**WHAT IS BEING ASKED**
Copy the listing that follows exactly. Its pictures do not belong in the copy.

**INFORMATION SUPPLIED**

[Start of Attachment]

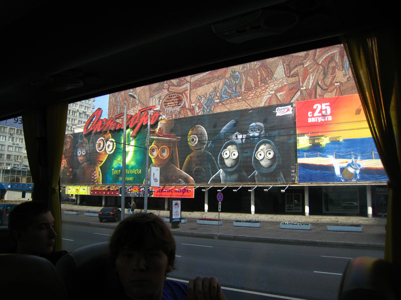 Reminds me of that famous photo of the men sitting on the metal beam of the Chrysler Building under construction. Not quite as cool though.The Other Side of the Red Square. I’ll go back to get photos of the actual square when the cleanup is done.Apparently Communism is alive and kickin’ in Moscow. Unfortunately for the movement, there doesn’t seem to be a future generation for it as one can tell by the photo. Our tour guide told us they get angry when people confront them or take photos so I snuck this one before they got too close. (Oh, by the way, the face on the board belongs to Lenin. That’s what ЛЕНИН says in Cyrillic.)
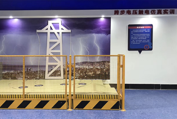 跨步电压实验台通过实验装置真实再现户外跨步电压场景,结合带以灯光形式表现触电现象验,观众可走上实验台,模拟跨步电压的产生原理,让观众在切身场景体验中认知这一科学现象,以求在生活中能够远离触电危害,更好的保护自己和家人。
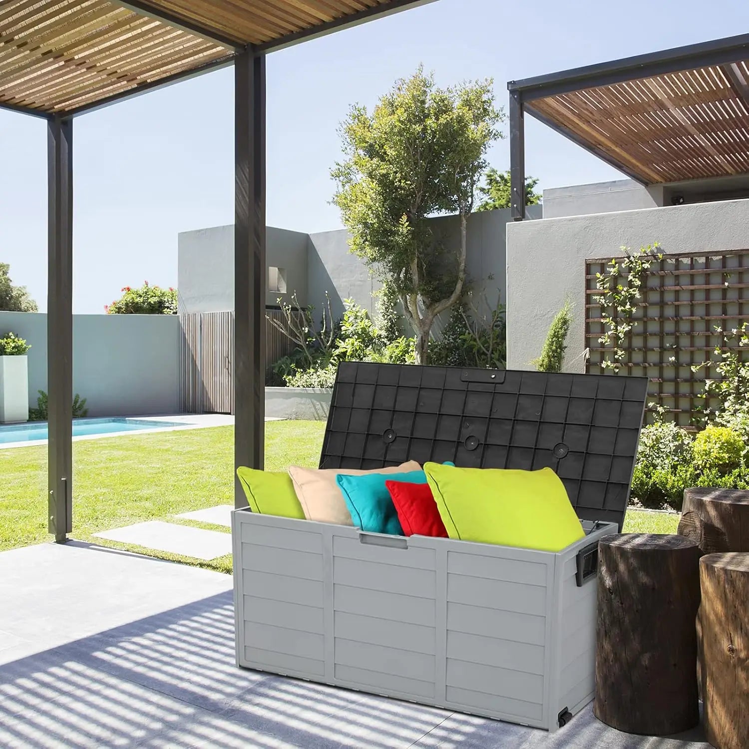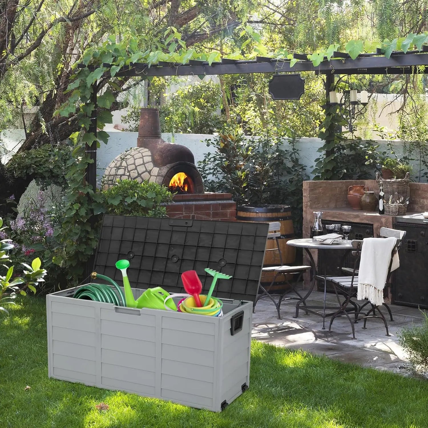 With ample storage space, this deck box easily holds a variety of outdoor essentials, helping you maintain a neat and tidy yard or patio.
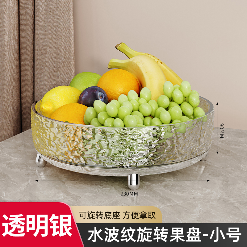 Medium Water Wave : Medium Water Wave Pattern Rotating Fruit Plate (1 set/Transparent Silver)

[End of Attachment]

**OUTPUT OF THE EXERCISE**
 Reminds me of that famous photo of the men sitting on the metal beam of the Chrysler Building under construction. Not quite as cool though.The Other Side of the Red Square. I’ll go back to get photos of the actual square when the cleanup is done.Apparently Communism is alive and kickin’ in Moscow. Unfortunately for the movement, there doesn’t seem to be a future generation for it as one can tell by the photo. Our tour guide told us they get angry when people confront them or take photos so I snuck this one before they got too close. (Oh, by the way, the face on the board belongs to Lenin. That’s what ЛЕНИН says in Cyrillic.)
 跨步电压实验台通过实验装置真实再现户外跨步电压场景,结合带以灯光形式表现触电现象验,观众可走上实验台,模拟跨步电压的产生原理,让观众在切身场景体验中认知这一科学现象,以求在生活中能够远离触电危害,更好的保护自己和家人。
 With ample storage space, this deck box easily holds a variety of outdoor essentials, helping you maintain a neat and tidy yard or patio.
 Medium Water Wave : Medium Water Wave Pattern Rotating Fruit Plate (1 set/Transparent Silver)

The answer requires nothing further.